Add an option TARGET_HAS_LAZY_ICACHE that does not invalidate TBs upon
store, but instead tracks that the icache has become incoherent, and
provides a tb_flush_incoherent() function that the target may call to
bring the TB back to coherency.

XXX: docs/devel/tcg.rst says that this is not permitted because TB must
be coherent with memory to handle exceptions correctly... I'm not sure
where this is, maybe it can be worked around and is not a showstopper?
---
 accel/tcg/tb-internal.h  | 10 ++++++
 include/exec/tb-flush.h  |  3 ++
 accel/tcg/cputlb.c       | 15 +++++++--
 accel/tcg/tb-maint.c     | 73 ++++++++++++++++++++++++++++++++++++++++
 system/memory_ldst.c.inc |  2 +-
 5 files changed, 99 insertions(+), 4 deletions(-)

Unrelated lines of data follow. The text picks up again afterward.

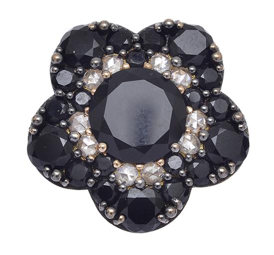 Of flower cluster design, set with round onyx and rose cut diamonds in 18ct gold, ring size M.
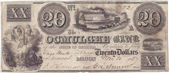 CC2928 | $20.00 Note The Ocmulgee Bank (Macon) of the State of Georgia 1838. River Scene with Horses pulling Freight Wagon, Steamboat (top center), Bare Breasted Navigation (female) with Child in an Allegorical Scene with what looks like a Sea Monster (lower left), Small Train (right). Small wear hole above the "M" of "Macon" Fine+. |
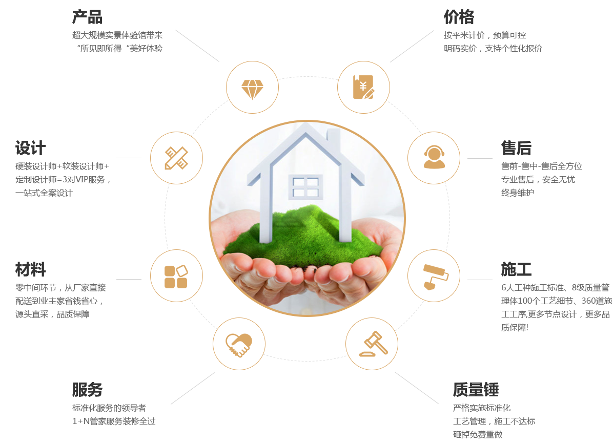 設(shè)計(jì) + 主材 + 輔材 + 水電 + 施工 + 定制 + 安裝
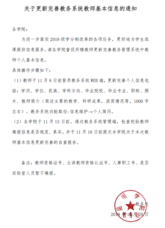 关于更新完善教务系统教师基本信息的通知
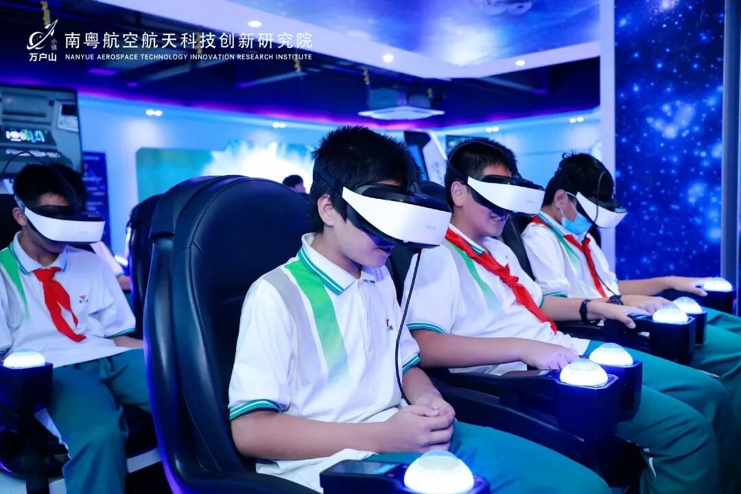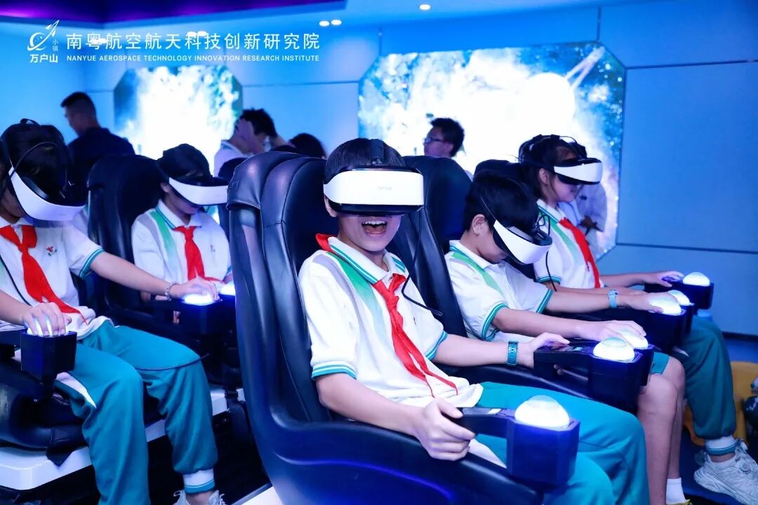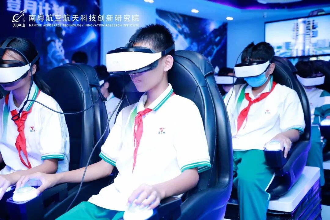身临其境的VR体验,引起了同学们对宇宙的向往,唤起科学梦想。坐上VR模拟飞行器,戴上VR眼镜,同学们体验了中国载人探月工程从火箭发射到登陆月球,再携带月球矿石圆满返回地球的全过程。
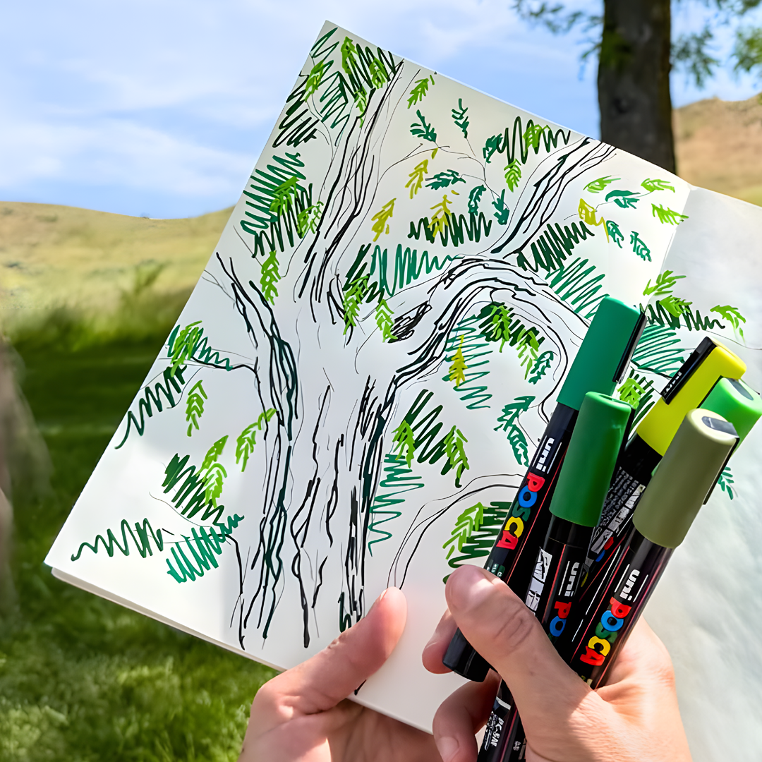 Med den helt nye spids får du det bedste fra to verdener. Spidsen er lige så fast og jævn som en klassisk marker, men samtidig fleksibel på en måde, der giver en mere malende fornemmelse. Det betyder, at Posca ikke kun passer til grafiske udtryk eller street art, men også er et oplagt valg for alle, der kan lide at skitsere, tegne og male mere organisk. Her er nogle eksempler på, hvornår den virkelig kommer til sin ret:
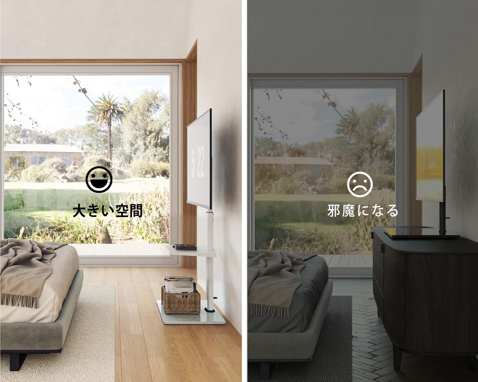 【配線を隠す】支柱のデザインにより、テレビスタンドの後ろにケーブル管理機能がありますので、配線はスタンドの後ろにきれいに収納でき、お部屋がスッキリとなります。底に滑り止めのゴムパッドが付いて、安定性が高いです。
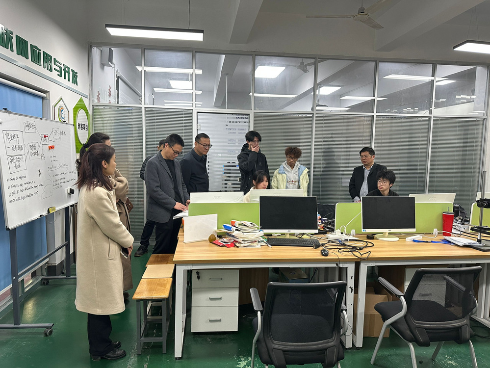 座谈结束后,陶培聪校长一行实地参观了我校软件技术专业工作室、工业软件创新工作室及校内实训基地。各工作室学生主动接待,详细介绍了工作室的专业定位、团队培养模式、项目实践成果,并现场展示了正在研发的优秀作品,充分展现了我校学子勤勉笃学、勇于创新的精神风貌。余姚第四职业技术学校一行对我校专业工作室建设给予高度评价,认为我校虽硬件设施朴实简约,但师生潜心钻研的学习热情、严谨务实的教风学风令人印象深刻,专业实践氛围浓厚,人才培养成效显著。
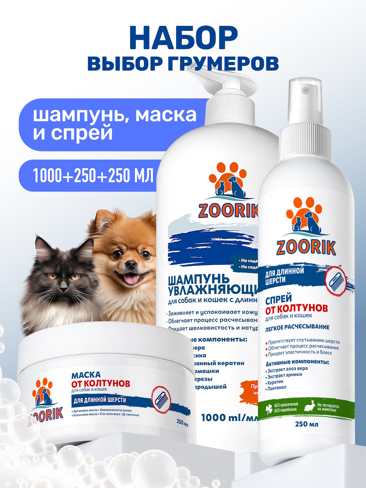 Купить Набор для длинной шерсти увлажняющий / ZOORIK / Зурик / шампунь + маска + спрей 1000+250+250 мл
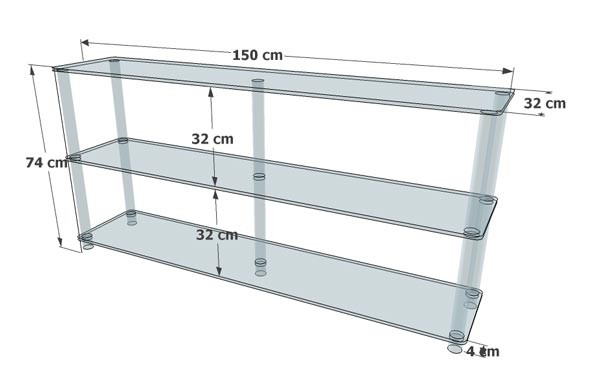 Plexiglas épaisseur 1 cm 3 étages de 150 x 32 cm Espace entre étage de 32 cm Hauteur totale : 74 cm Assemblage sans aucun outillage
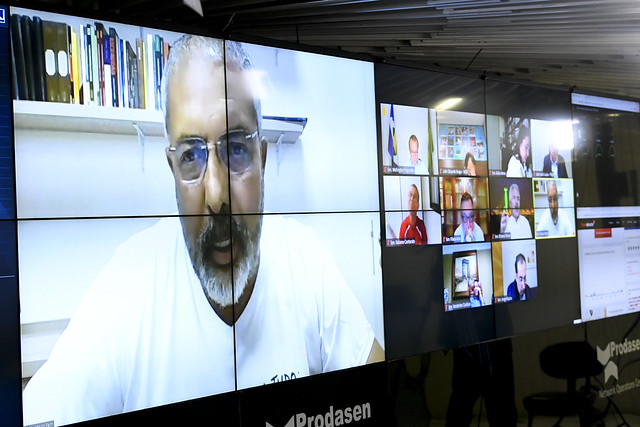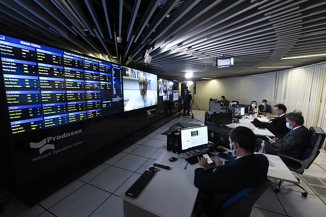 Sessão Deliberativa Remota (SDR) do Senado Federal realizada a partir da sala de controle da Secretaria de Tecnologia da Informação (Prodasen).
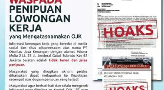 Masyarakat Harus Waspada Informasi Hoax Rekrutmen Pegawai OJK
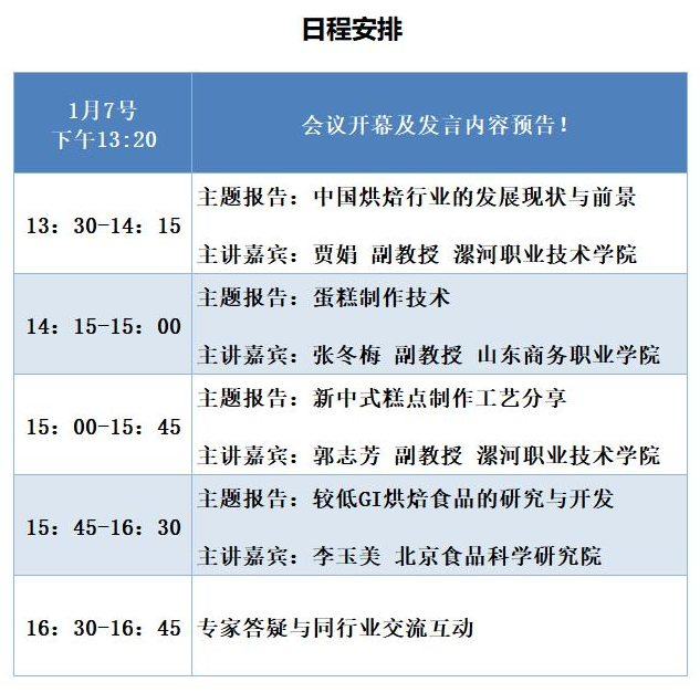 课程题目:烘焙技术交流线上研讨会
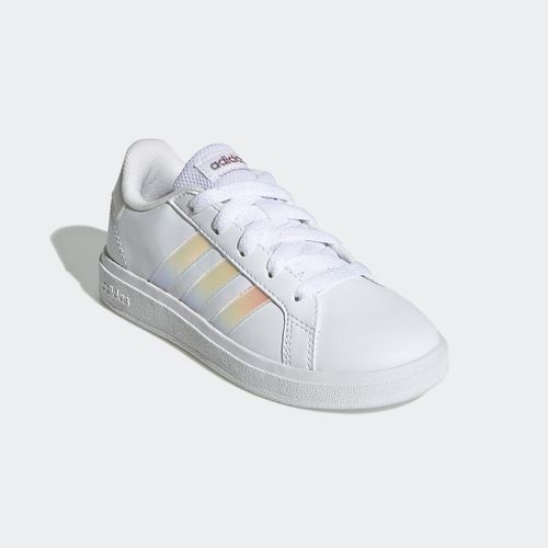 Der Grand Court 2.0 K ist ein angesagter Kinder Mädchen Sneaker von Adidas, der sich vom Tennis inspirieren lassen hat.Das Obermaterial wurde aus pflegeleichtem Kunstleder in Weiß gefertigt und wird durch die drei typischen Adidas Streifen in schillerndem Rosa abgerundet.Der weich gepolsterte Schaft bietet ein angenehmes Tragegefühl und die regulierbare Schnürung sorgt für eine hervorragende Passform.Die profilierte Laufsohle mit Wabenstruktur bietet optimalen Grip und gibt dem Schuh seinen sportiven Look.
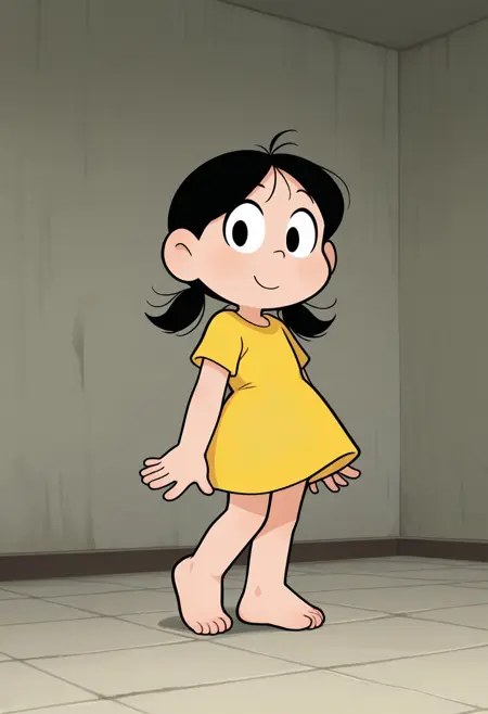 MagaliTDM, 1girl, short-sleeved yellow dress, black hair, three strands of hair that seem to resemble pigtails, black eyes, short,
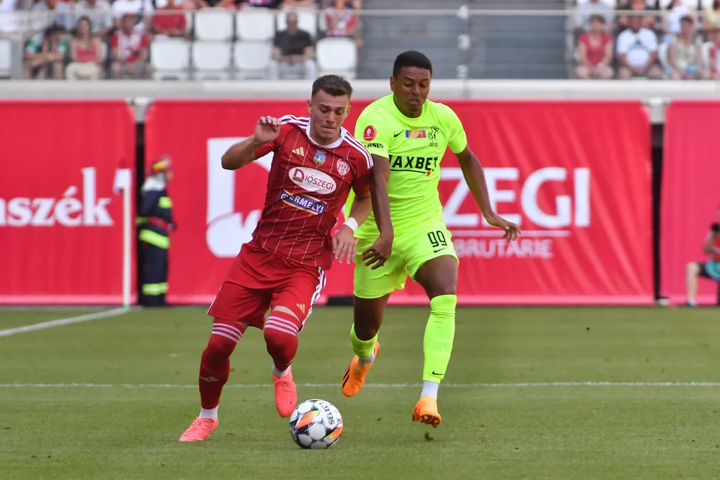 Darius Adrian Oroian și Goncalves Tailson Pinto în meciul de fotbal dintre Sepsi OSK Sfantu Gheorghe și Poli Iași, contând pentru SuperLiga Superbet, desfășurat pe Stadionul SEPSI Arena OSK din Sfântu Gheorghe,sâmbătă 13 iulie 2024. © FOTO: Bogdan BALAS/SPORT PICTURES
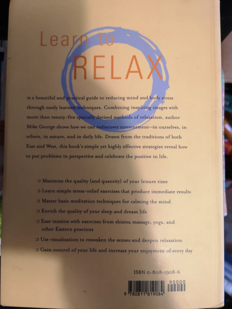 Selling a copy of 'Learn to Relax: A Practical Guide to Easing Tension & Conquering Stress' by Mike George It's a beautiful and practical guide to reducing mind and body stress through easily learned techniques. Combining inspiring images with more than twenty-five specially devised methods of relaxation, author Mike George shows how we can rediscover contentment—in ourselves, in others, in nature, and in daily life
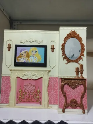 Set de baño para casa de muñecas Bratz. - Incluye ducha con mampara. - Inodoro con cisterna. - Lavabo con mueble. - Estantería. - Espejo. - Accesorios decorativos.

diff --git a/accel/tcg/tb-internal.h b/accel/tcg/tb-internal.h
index 68aa8d17f41..ccc59eac3f5 100644
--- a/accel/tcg/tb-internal.h
+++ b/accel/tcg/tb-internal.h
@@ -82,6 +82,16 @@ void tb_unlock_pages(TranslationBlock *);
 void tb_invalidate_phys_range_fast(ram_addr_t ram_addr,
                                    unsigned size,
                                    uintptr_t retaddr);
+#ifdef TARGET_HAS_LAZY_ICACHE
+void tb_store_to_phys_range(ram_addr_t ram_addr,
+                            unsigned size, uintptr_t retaddr);
+#else
+static inline void tb_store_to_phys_range(ram_addr_t ram_addr,
+                            unsigned size, uintptr_t retaddr)
+{
+    tb_invalidate_phys_range_fast(ram_addr, size, retaddr);
+}
+#endif
 #endif /* CONFIG_SOFTMMU */
 
 bool tb_invalidate_phys_page_unwind(tb_page_addr_t addr, uintptr_t pc);
diff --git a/include/exec/tb-flush.h b/include/exec/tb-flush.h
index 142c240d94c..1f8b718be57 100644
--- a/include/exec/tb-flush.h
+++ b/include/exec/tb-flush.h
@@ -23,6 +23,9 @@
  */
 void tb_flush(CPUState *cs);
 
+/* like tb_flush() but only flush incoherent blocks */
+void tb_flush_incoherent(CPUState *cpu);
+
 void tcg_flush_jmp_cache(CPUState *cs);
 
 #endif /* _TB_FLUSH_H_ */
diff --git a/accel/tcg/cputlb.c b/accel/tcg/cputlb.c
index 500c8d3adc0..2a19c82e5d4 100644
--- a/accel/tcg/cputlb.c
+++ b/accel/tcg/cputlb.c
@@ -1338,18 +1338,27 @@ static void notdirty_write(CPUState *cpu, vaddr mem_vaddr, unsigned size,
                            CPUTLBEntryFull *full, uintptr_t retaddr)
 {
     ram_addr_t ram_addr = mem_vaddr + full->xlat_section;
+    uint8_t mask;
 
     trace_memory_notdirty_write_access(mem_vaddr, ram_addr, size);
 
     if (!cpu_physical_memory_get_dirty_flag(ram_addr, DIRTY_MEMORY_CODE)) {
-        tb_invalidate_phys_range_fast(ram_addr, size, retaddr);
+        tb_store_to_phys_range(ram_addr, size, retaddr);
     }
 
     /*
      * Set both VGA and migration bits for simplicity and to remove
-     * the notdirty callback faster.
+     * the notdirty callback faster. Incoherent icache also sets the
+     * code bit because incoherency is tracked and resolved in the TB
+     * code.
      */
-    cpu_physical_memory_set_dirty_range(ram_addr, size, DIRTY_CLIENTS_NOCODE);
+#ifdef TARGET_HAS_LAZY_ICACHE
+    mask = DIRTY_CLIENTS_ALL;
+#else
+    mask = DIRTY_CLIENTS_NOCODE;
+#endif
+
+    cpu_physical_memory_set_dirty_range(ram_addr, size, mask);
 
     /* We remove the notdirty callback only if the code has been flushed. */
     if (!cpu_physical_memory_is_clean(ram_addr)) {
diff --git a/accel/tcg/tb-maint.c b/accel/tcg/tb-maint.c
index 3f1bebf6ab5..4f634469456 100644
--- a/accel/tcg/tb-maint.c
+++ b/accel/tcg/tb-maint.c
@@ -60,10 +60,20 @@ static bool tb_cmp(const void *ap, const void *bp)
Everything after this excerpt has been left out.